Sin embargo, antes de que Wang Yi pudiera hablar, Wu Shuang se levantó de repente, juntó los puños y se inclinó ante la Venerable Ning Jing.
—Señora Venerable, no tiene que preocuparse por nosotros.
—Ante la supervivencia de la raza, estamos dispuestos a luchar por la raza humana, aunque tengamos que morir cien veces.
Aunque Wu Shuang era una mujer, sus palabras eran firmes y rectas.
Como se esperaba de una gran maestra de élite de la raza humana.
Por desgracia, Wu Shuang parecía haber entendido mal.
Wang Yi tampoco tenía ya ninguna prisa.
En cambio, miró a la Venerable Ning Jing con interés.
¡Tos!
En ese momento, la Venerable Ning Jing también estaba un poco avergonzada.
Tosió secamente y le dio una patada a Wu Shuang por debajo de la mesa, indicándole con la mirada que no volviera a hablar.
Luego, dijo con enojo: —Es bueno que tengas esa determinación.
—Sin embargo, es mejor no morir.
Solo viva podrás seguir luchando por la raza humana, ¿no?
Wu Shuang pareció querer decir algo más, pero al ver la mirada de la Venerable Ning Jing, no tuvo más remedio que callarse y asentir.
En ese momento, la Venerable Ning Jing le dijo a Wang Yi: —He quedado en ridículo ante el Compañero Daoísta Wang.
—Es una lástima por esos grandes maestros humanos.
Me pregunto cuántos sobrevivirán a esta batalla.

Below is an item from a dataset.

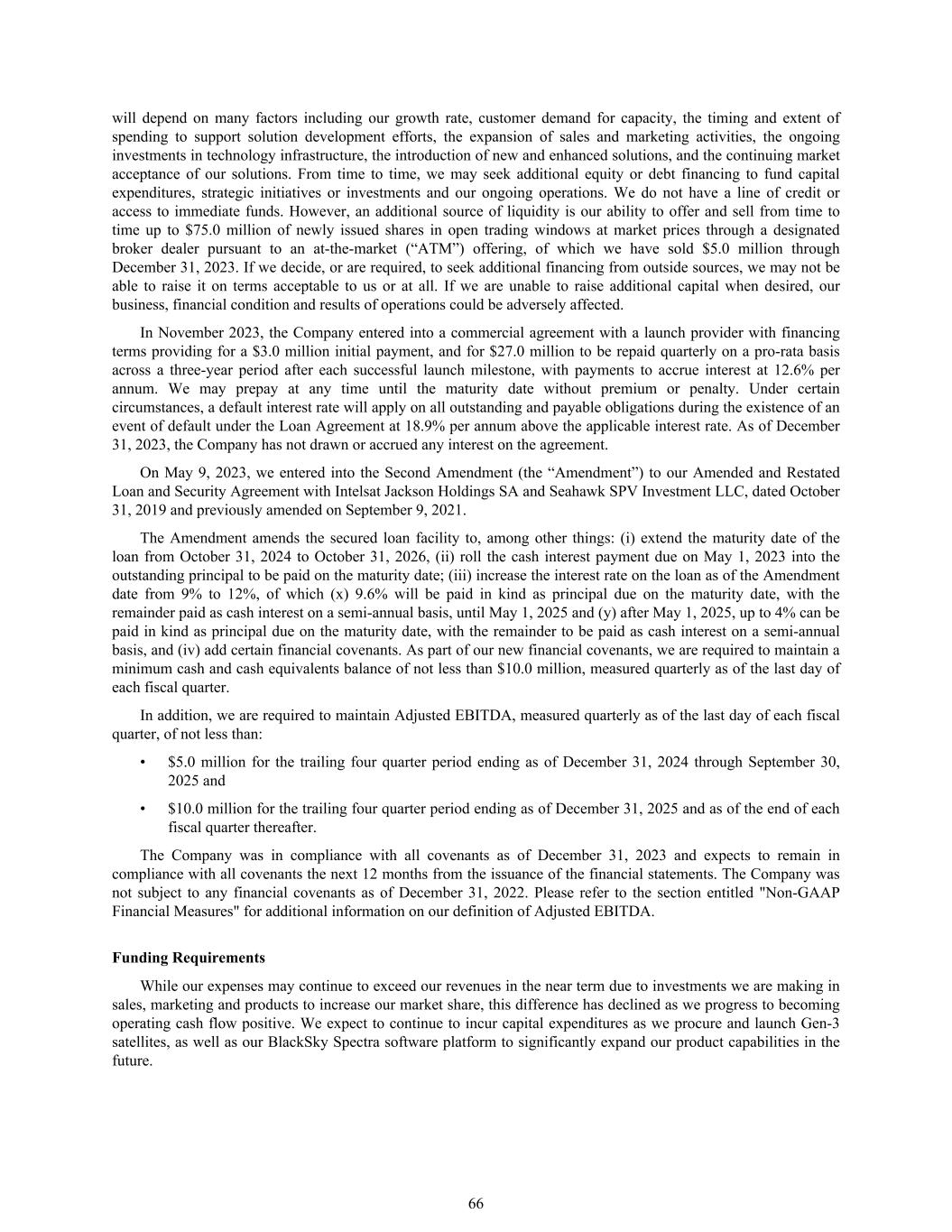 will depend on many factors including our growth rate, customer demand for capacity, the timing and extent of spending to support solution development efforts, the expansion of sales and marketing activities, the ongoing investments in technology infrastructure, the introduction of new and enhanced solutions, and the continuing market acceptance of our solutions. From time to time, we may seek additional equity or debt financing to fund capital expenditures, strategic initiatives or investments and our ongoing operations. We do not have a line of credit or access to immediate funds. However, an additional source of liquidity is our ability to offer and sell from time to time up to $75.0 million of newly issued shares in open trading windows at market prices through a designated broker dealer pursuant to an at-the-market (“ATM”) offering, of which we have sold $5.0 million through December 31, 2023. If we decide, or are required, to seek additional financing from outside sources, we may not be able to raise it on terms acceptable to us or at all. If we are unable to raise additional capital when desired, our business, financial condition and results of operations could be adversely affected. In November 2023, the Company entered into a commercial agreement with a launch provider with financing terms providing for a $3.0 million initial payment, and for $27.0 million to be repaid quarterly on a pro-rata basis across a three-year period after each successful launch milestone, with payments to accrue interest at 12.6% per annum. We may prepay at any time until the maturity date without premium or penalty. Under certain circumstances, a default interest rate will apply on all outstanding and payable obligations during the existence of an event of default under the Loan Agreement at 18.9% per annum above the applicable interest rate. As of December 31, 2023, the Company has not drawn or accrued any interest on the agreement. On May 9, 2023, we entered into the Second Amendment (the “Amendment”) to our Amended and Restated Loan and Security Agreement with Intelsat Jackson Holdings SA and Seahawk SPV Investment LLC, dated October 31, 2019 and previously amended on September 9, 2021. The Amendment amends the secured loan facility to, among other things: (i) extend the maturity date of the loan from October 31, 2024 to October 31, 2026, (ii) roll the cash interest payment due on May 1, 2023 into the outstanding principal to be paid on the maturity date; (iii) increase the interest rate on the loan as of the Amendment date from 9% to 12%, of which (x) 9.6% will be paid in kind as principal due on the maturity date, with the remainder paid as cash interest on a semi-annual basis, until May 1, 2025 and (y) after May 1, 2025, up to 4% can be paid in kind as principal due on the maturity date, with the remainder to be paid as cash interest on a semi-annual basis, and (iv) add certain financial covenants. As part of our new financial covenants, we are required to maintain a minimum cash and cash equivalents balance of not less than $10.0 million, measured quarterly as of the last day of each fiscal quarter. In addition, we are required to maintain Adjusted EBITDA, measured quarterly as of the last day of each fiscal quarter, of not less than: • $5.0 million for the trailing four quarter period ending as of December 31, 2024 through September 30, 2025 and • $10.0 million for the trailing four quarter period ending as of December 31, 2025 and as of the end of each fiscal quarter thereafter. The Company was in compliance with all covenants as of December 31, 2023 and expects to remain in compliance with all covenants the next 12 months from the issuance of the financial statements. The Company was not subject to any financial covenants as of December 31, 2022. Please refer to the section entitled "Non-GAAP Financial Measures" for additional information on our definition of Adjusted EBITDA. Funding Requirements While our expenses may continue to exceed our revenues in the near term due to investments we are making in sales, marketing and products to increase our market share, this difference has declined as we progress to becoming operating cash flow positive. We expect to continue to incur capital expenditures as we procure and launch Gen-3 satellites, as well as our BlackSky Spectra software platform to significantly expand our product capabilities in the future. 66

Wang Yi de verdad que no podía más.
No pudo evitar llevarse una mano a la frente, pero no la delató.
Se limitó a decir con resignación: —La Compañera Daoísta Ning Jing sí que se preocupa por la raza humana.
—Sin embargo, Compañera Daoísta, no tiene por qué preocuparse tanto.
Tengo algo que puede garantizar que Wu Shuang y los demás grandes maestros estarán a salvo.
Y dicho esto…
Wang Yi volvió a reírse entre dientes y le dijo a Su Shiya: —Shiya, necesito que me prestes tu horquilla.
Una expresión de confusión brilló en los hermosos y grandes ojos de Su Shiya.
No entendía por qué su horquilla volvía a estar involucrada en el asunto.